| Connections Lab

Asmbly Dash

Cover Image for Asmbly Dash

Background

Our Connections Lab midterm project was an opportunity to combine and integrate ideas we’ve been covering over the past few weeks. I recently joined Austin’s local makerspace, Asmbly. During my onboarding and training the instructor mentioned the need for a way to quickly report issues with the stations. For my MVP I wanted to create a site that could contain information about each station (tips, safety, required training) and also allow users to submit those reports to the releveant staff.

Technology

I used Next.js for this project, this choice was motivated by two key features. The dynamic routes would allow me to programatically create pages based on a simple JSON file storing the tool data. In addition, when deployed on Vercel, the Next.js API routes makes deploying serverless functions a snap. I used this feature to create a function to create emails and route them to the appropriate staff using the nodemailer library.

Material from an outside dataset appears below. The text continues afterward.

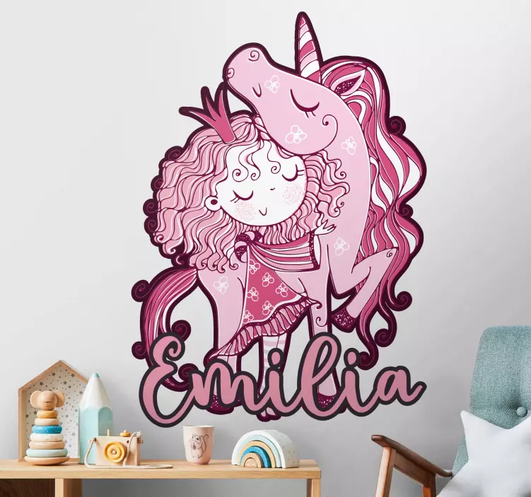 Vinilo infantil abrazo de unicornio rosa

For the frontend code, I used TypeScript, React and CSS modules to create reusable, scoped components. While this project certainly could have been tackled without these tools, I find that React greatly reduced the amount of code authored. In addition, TypeScript and CSS modules makes it difficult for future developers to break things. This is particularly important for this project considering Asmbly staff are all volunteers so anyone could chip in.

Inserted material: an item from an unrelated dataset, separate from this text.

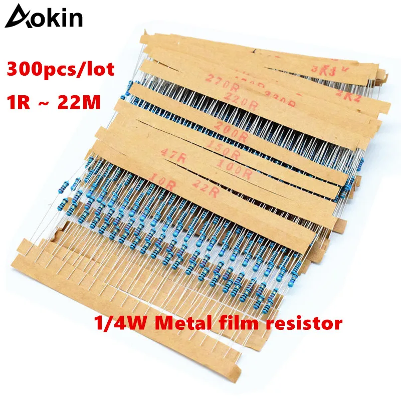 300 шт. 14 Вт металлический пленочный резистор 1R 22M 100R 220R 330R 1K 1,5 K 2,2 K 3,3 K 4,7 K 10K 22K 47K 100K 100 220 330 1K5 2K2 3K3 4K7 ом

One piece that turned out really well was the QR code generation. I used a JavaScript library to map over the tools data and generate a QR Code for each one. I even got a chance to use the print media query to format the list when printed.

Next steps

I did a playback with Charlie, the instructor who first pitched this idea and he had some great ideas. The makerspace has a wiki that has some basic information about each tool. This could be used either as the actual link target or to source data into my app. Rather than throwing the information all on one page, another version might allow the user to select from three options: Info, Maintenance, Problem. The app could then simply route the user to the correct service depending on what they’re trying to do.